6 Side Note: Similarity in BLAST To score the similarity of two words, BLAST builds a table based on edit distances. For example, comparing AGCT to ACCC could give a score of 1, whereas comparing it to GGCT would give 3. However, some substitutions (due to mutation) are more likely than others, especially in the case of amino acids. BLAST accepts a scoring matrix for protein strings (e.g., Point Accepted Mutations 70). For nucleotide strings, users can specify distinct scores for matches and mismatches. BLAST also includes procedures for identifying and penalizing gaps.

7 How BLAST Works (Stages 2 and 3) At this point, BLAST has built a set of W-length words that exceed a user-provided threshold. During the second stage, the system searches for all occurrences of these words within the database. In the third stage, BLAST extends each of these W-length matches to get the final similarity score. The system also calculates the E-value for the score, which is a statistical measure of significance.

8 Knowledge and Search in BLAST BLAST differs from many of the informatics tools that we have considered in the course. Essentially it finds a sequence’s nearest neighbors within a database with minimal concern for the content. Unlike discovery or analysis tools, BLAST gathers information and leaves the interpretation to the user. However, like many discovery tools, BLAST relies on domain knowledge to carry out heuristic search. Knowledge:match/mismatch costs for amino acid and nucleotide sequences Heuristic Search: an approximate scoring scheme, tells BLAST where to look more closely

9 What Makes BLAST a Successful Tool? Google Scholar identifies over 28,000 citations of the original BLAST paper. One of the key reasons for the system’s popularity is that it addresses problems commonly encountered in biology: finding genetic homologues across organisms; and determining the source organism of a sequenced genome (e.g., the Global Ocean Sampling Expedition). Technical issues also contributed to BLAST’s success: it was much faster than competing software; it was distributed and maintained by the National Institute of Health; it has continually evolved to meet new challenges and to integrate with new databases and other technologies.

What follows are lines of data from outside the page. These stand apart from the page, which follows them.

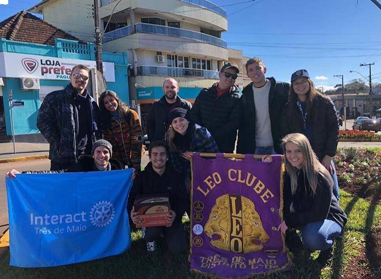 Na manhã de sábado (06/07). foi realizado o pedágio solidário para arreacadar fundos ao Jardel Zart, que teve sua casa vítima de um incêndio. Na ocasião estiveram presentes companheiros do Interact club em parceria com o Leo Club Três de Maio, foi um grande moviento de entidades que teve uma enorme mobilização da sociedade em prol do Jardel!!!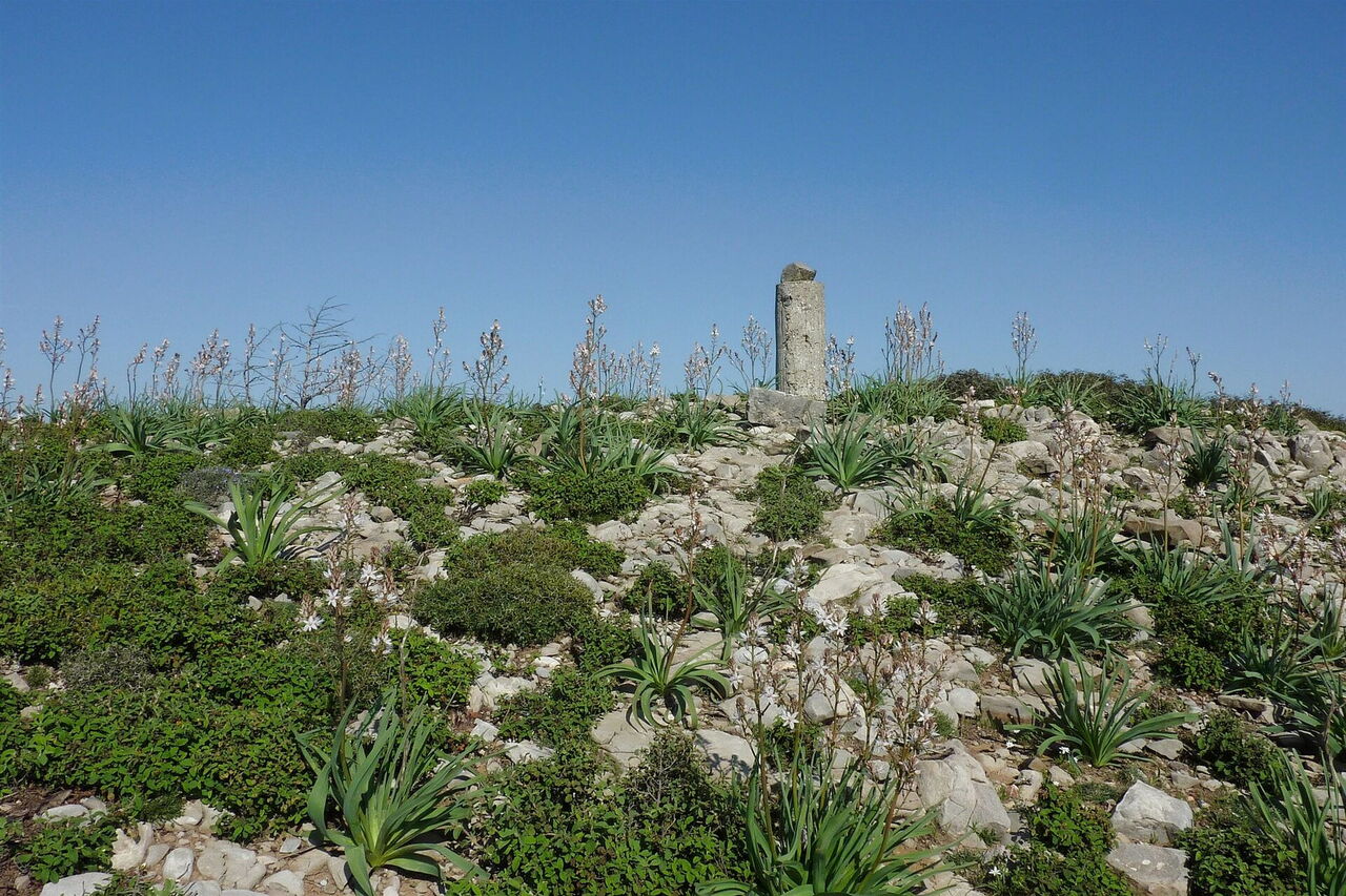 Vom Gipfel gehen wir weiter Richtung Windräder zu einer Einsattelung herunter und im weiteren Verlauf überschreiten wir weitere 3 Hügel. In der dann folgenden Senke befindet sich das erste Steinmännchen. Hier quert halb rechts ein Ziegenpfad den Hang. An dieser Stelle beginnt der (04) Abstieg (447 m). Im weiteren Verlauf treffen wir auf weitere Steinmännchen, bis wir bei einem gut sichtbaren Steinmännchen den Bergrücken überqueren. Unterhalb sehen wir schon die Schotterpiste. Hinter dem Bergrücken gehen wir zunächst links, um nach 20 m rechts zu einem Steinmännchen zu queren und nun durch den steilen, mit Buschwerk durchsetzten Hang bis zur Piste abzusteigen.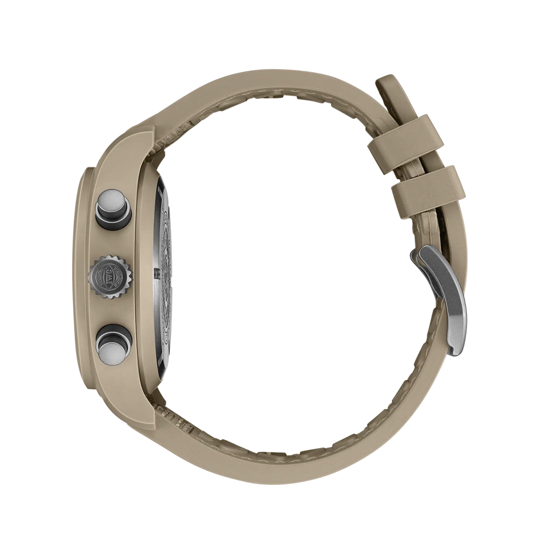The Pilot’s Watch Chronograph 41 TOP GUN Mojave Desert showcases a perfectly proportioned 41mm case crafted from distinctive sand-coloured ceramic, paired with a bold yet understated monochromatic aesthetic. Developed in collaboration with Pantone®, the unique ceramic tone draws inspiration from the flight suits worn by naval aviators and the stark desert terrain surrounding China Lake, home of the U.S. Navy’s renowned TOPGUN flight school.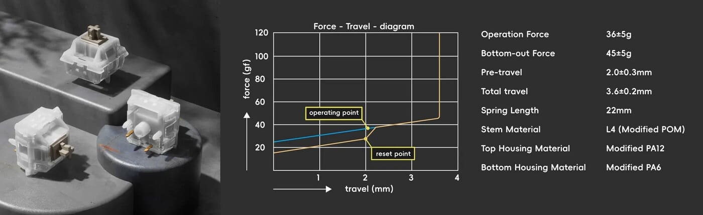 El QK65 MK3 estará disponible desde 199$ (~172€) en formato barebones kit, que incluye la carcasa, el PCB con la pantalla integrada, la placa seleccionada y los estabilizadores, sin keycaps ni switches. Para quienes adquieran un set de keycaps por 14$ (~12€), la marca incluye además 70 interruptores Rye de regalo, un incentivo atractivo teniendo en cuenta que un conjunto equivalente podría superar los 50$ (~43€) en el mercado.

10 BLAST: Summary A key insight in BLAST was to iteratively refine a solution: find a reduced set of short words to use as a heuristic for locating similar strings; find matches to those short words and extend them to refine the candidate solution. This strategy accounts for the computational gains that this system makes over others that seek exact comparisons. The continued success of BLAST is attributable to the speed in which it can find sequence matches, its availability over the internet, its integration with other biological tools, and the fact that it addresses a specific need of biologists.